Validation of CNN - ( Convolutional Neural Network in PyTorch )

Heading h2

Syntax

with torch.no_grad():
    correct = 0
    total = 0
    for images, labels in testloader:
        images, labels = images.to(device), labels.to(device)
        outputs = net(images)
        _, predicted = torch.max(outputs.data, 1)
        total += labels.size(0)
        correct += (predicted == labels).sum().item()

print('Accuracy of the network on the 10000 test images: %d %%' % (
    100 * correct / total))

Example

with torch.no_grad():
    correct = 0
    total = 0
    for images, labels in testloader:
        images, labels = images.to(device), labels.to(device)
        outputs = net(images)
        _, predicted = torch.max(outputs.data, 1)
        total += labels.size(0)
        correct += (predicted == labels).sum().item()

print('Accuracy of the network on the 10000 test images: %d %%' % (
    100 * correct / total))

Output

Accuracy of the network on the 10000 test images: 71 %

Explanation

Validation is essential to evaluate the performance of a trained convolutional neural network. In this syntax, we are evaluating the model accuracy on the test data.

The testloader contains the test data and labels. We need to pass images and labels through the network and get the output using net(images).

After getting the output for the images, we need to find the predicted class using torch.max(outputs.data, 1). torch.max returns the maximum value and corresponding index along the specified axis.

Now, we need to compare the predicted class with the actual class and calculate the number of correct predictions using (predicted == labels).sum().item().

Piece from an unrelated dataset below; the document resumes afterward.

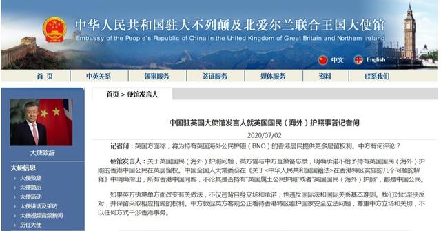 當地時間7月2日,中國駐英國大使館發(fā)言人就英國國民(海外)護照事答記者問時表示,關于英國國民(海外)護照問題,英方曾與中方互換備忘錄,明確承諾不給予持有英國國民(海外)護照的香港中國公民在英居留權。中國全國人大常委會在《關于〈中華人民共和國國籍法〉在香港特區(qū)實施的幾個問題的解釋》中明確指出,所有香港中國同胞,不論其是否持有“英國屬土公民護照”或者“英國國民(海外)護照”,都是中國公民。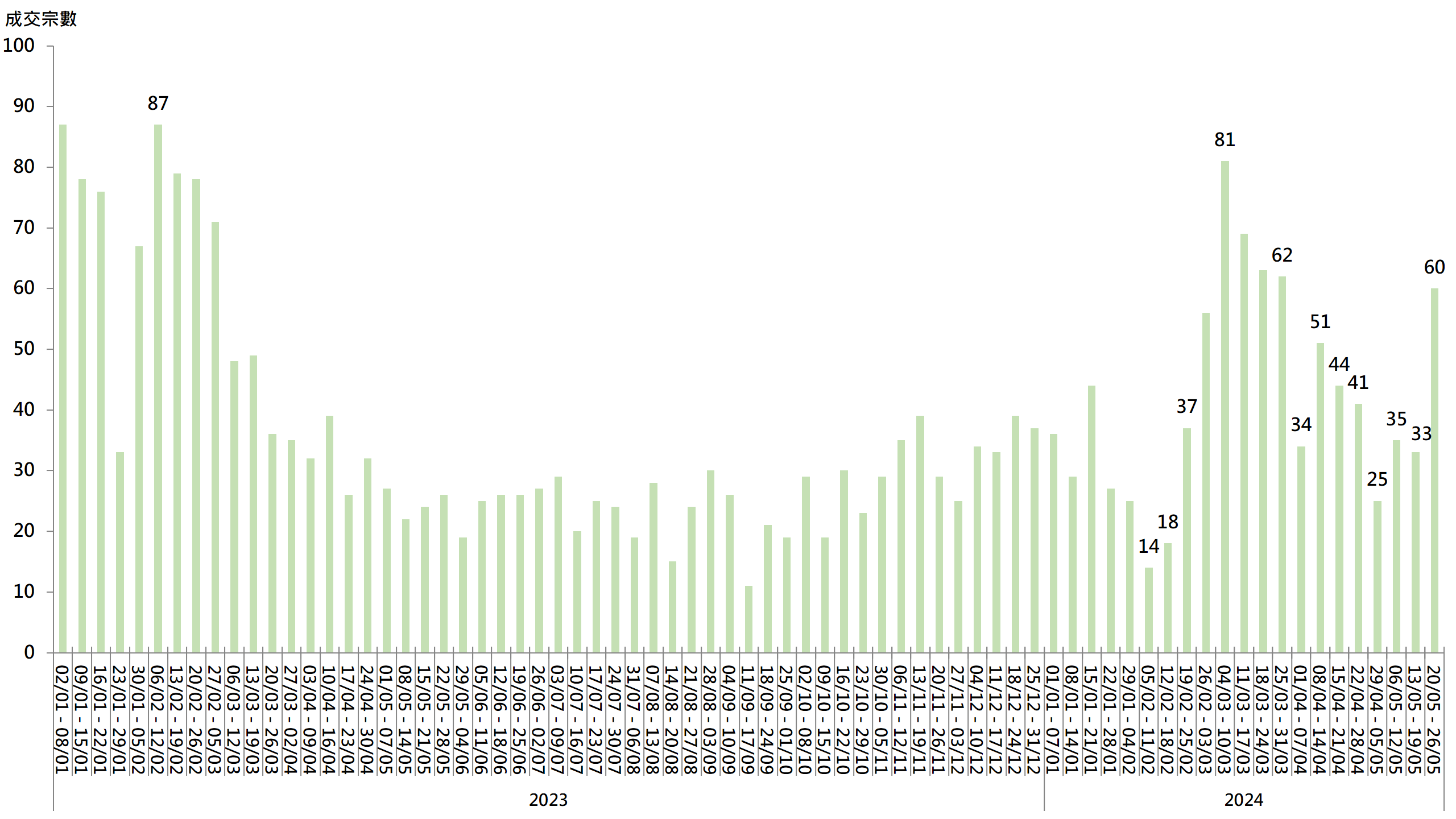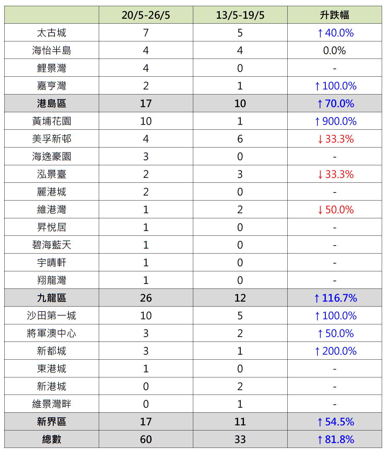 據本行前線分行所錄得的數字顯示,綜合過去一星期(5月20日至5月26日)全港20大主要屋苑二手買賣錄60宗成交,較前周(5月13日至5月19日)的33宗增加約81.8%,並創近8星期新高(見圖)。

This will give us the count of correctly classified images.

We repeat this process for all images present in the test data. Finally, we calculate the accuracy of the model using 100 * correct / total formula.

Use

Validation helps in measuring the accuracy of a trained convolutional neural network. After training the model, we use validation data to compute accuracy, loss, and other metrics.

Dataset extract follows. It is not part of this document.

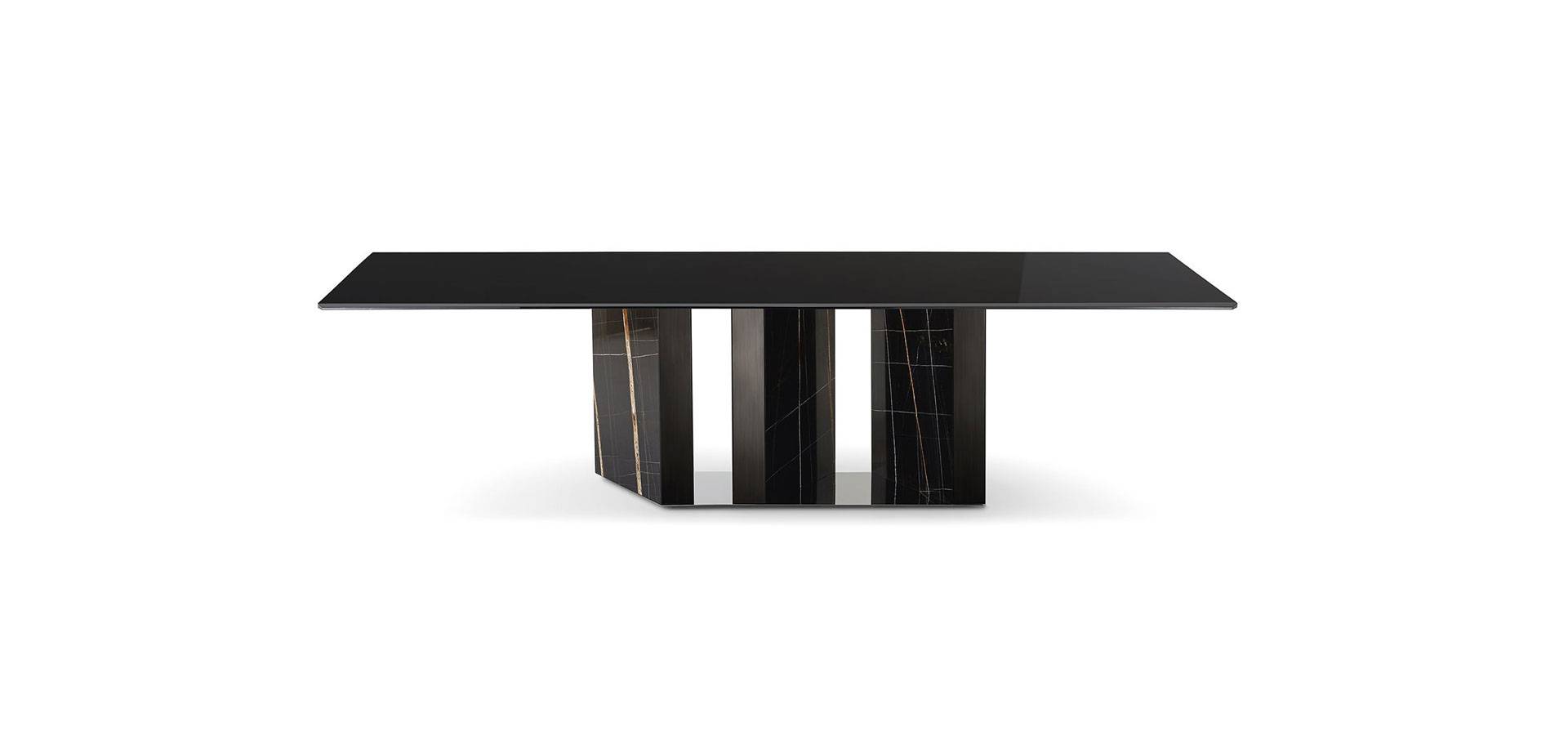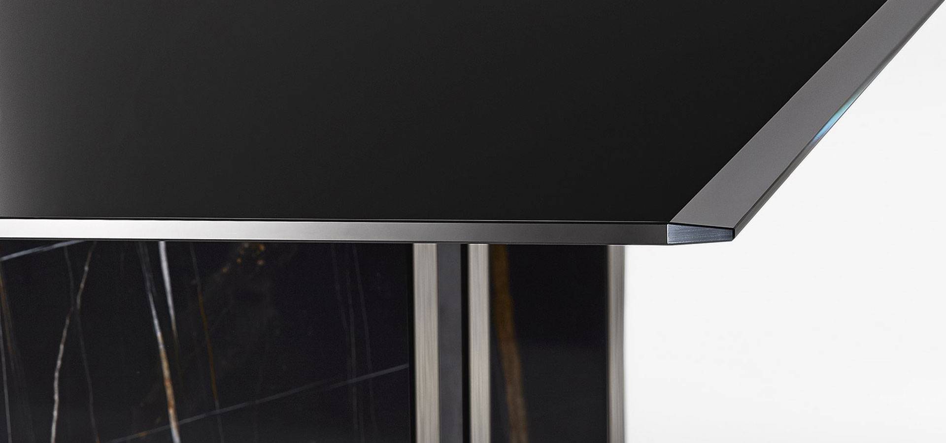Table with a 15mm black painted glass top available in two finishes: brilliant and satin. Two sides of the top have 4cm bevelled edges. 20mm Sahara Noir marble on a wooden base with a "supermirror" bright stainless steel bottom plate. Also available with a 15mm glass top and a 6mm painted glass base in the colors black, blue grey, or liquorice, in the bright or satin finish, or painted with the distinctive "Cashmere" brushed finish in gold grey or anthracite.

It also helps in detecting overfitting and underfitting. We need to ensure that the accuracy of the model on the test data is acceptable and that the model is not overfitting to the training data.

Important Points

• Validation is needed to test the accuracy of a trained convolutional neural network.
• The testloader contains the test data and labels.
• We calculate the accuracy of the model using 100 * correct / total formula.
• The validation process helps us to detect overfitting and underfitting.

Summary

In summary, validation is crucial to evaluate the performance of a trained convolutional neural network. We validate the model by passing test data and labels through the network and finding the predicted class for each image.

We then calculate the accuracy of the model to ensure that it is not overfitting to the training data. This process also helps us to detect overfitting and underfitting in the model.